**WHAT NEEDS TO BE DONE**
Among the entries below, the lines from the one with "Photo by Richard" up to and including the one with "Rindless bacon /" are to be restated exactly, without pictures.

---------- GIVEN ENTRIES ----------

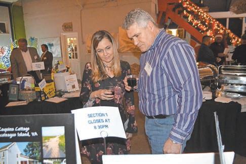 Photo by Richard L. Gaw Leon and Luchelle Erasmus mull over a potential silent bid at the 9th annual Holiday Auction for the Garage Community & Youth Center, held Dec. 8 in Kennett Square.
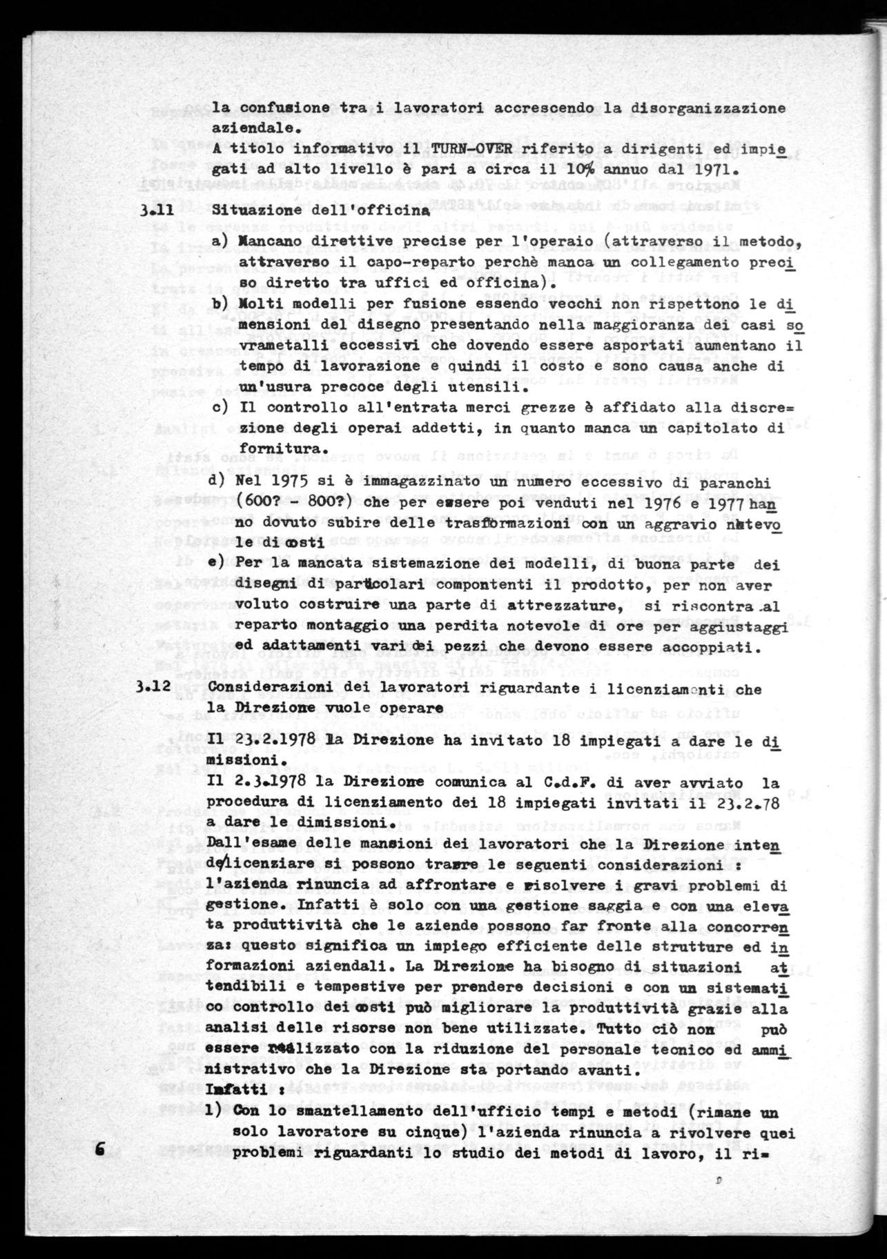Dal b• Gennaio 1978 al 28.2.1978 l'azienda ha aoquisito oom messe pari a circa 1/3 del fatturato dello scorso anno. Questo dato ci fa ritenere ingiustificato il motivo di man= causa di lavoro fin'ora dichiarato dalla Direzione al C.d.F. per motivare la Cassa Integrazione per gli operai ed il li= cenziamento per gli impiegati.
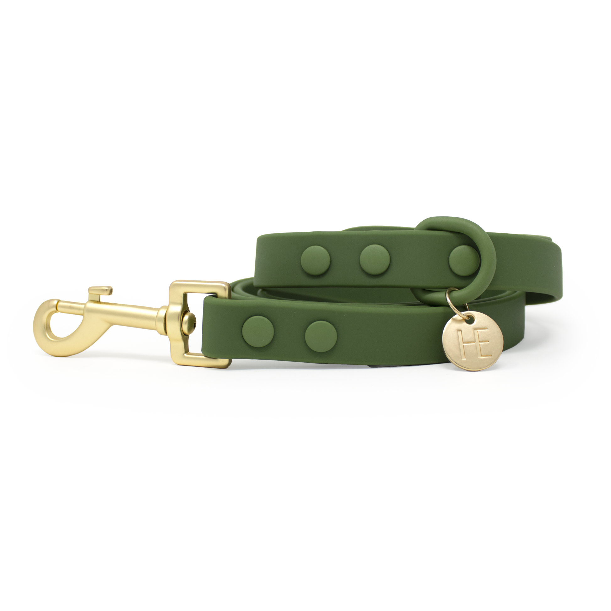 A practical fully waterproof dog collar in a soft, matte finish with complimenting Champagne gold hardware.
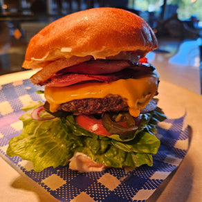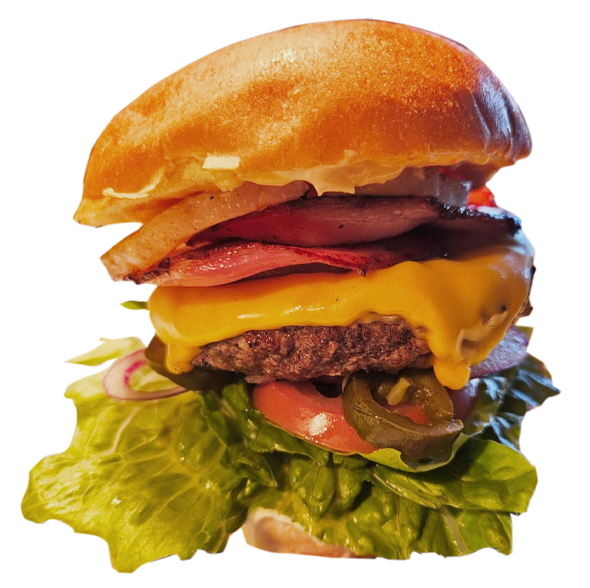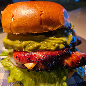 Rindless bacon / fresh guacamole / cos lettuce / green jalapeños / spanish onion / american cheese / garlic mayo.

----------
---------- GIVEN ENTRIES ----------

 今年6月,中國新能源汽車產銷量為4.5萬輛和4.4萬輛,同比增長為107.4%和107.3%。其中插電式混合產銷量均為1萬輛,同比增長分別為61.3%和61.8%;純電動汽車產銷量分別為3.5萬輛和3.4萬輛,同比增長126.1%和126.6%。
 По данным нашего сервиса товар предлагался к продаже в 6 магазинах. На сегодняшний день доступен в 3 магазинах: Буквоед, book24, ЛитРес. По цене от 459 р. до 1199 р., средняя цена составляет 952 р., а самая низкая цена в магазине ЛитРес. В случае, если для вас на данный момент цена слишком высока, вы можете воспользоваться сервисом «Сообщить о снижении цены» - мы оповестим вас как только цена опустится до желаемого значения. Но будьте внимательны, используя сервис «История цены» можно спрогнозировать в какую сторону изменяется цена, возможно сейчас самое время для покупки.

----------

**ANSWER TO THIS TASK**
 Photo by Richard L. Gaw Leon and Luchelle Erasmus mull over a potential silent bid at the 9th annual Holiday Auction for the Garage Community & Youth Center, held Dec. 8 in Kennett Square.
Dal b• Gennaio 1978 al 28.2.1978 l'azienda ha aoquisito oom messe pari a circa 1/3 del fatturato dello scorso anno. Questo dato ci fa ritenere ingiustificato il motivo di man= causa di lavoro fin'ora dichiarato dalla Direzione al C.d.F. per motivare la Cassa Integrazione per gli operai ed il li= cenziamento per gli impiegati.
 A practical fully waterproof dog collar in a soft, matte finish with complimenting Champagne gold hardware.
 Rindless bacon / fresh guacamole / cos lettuce / green jalapeños / spanish onion / american cheese / garlic mayo.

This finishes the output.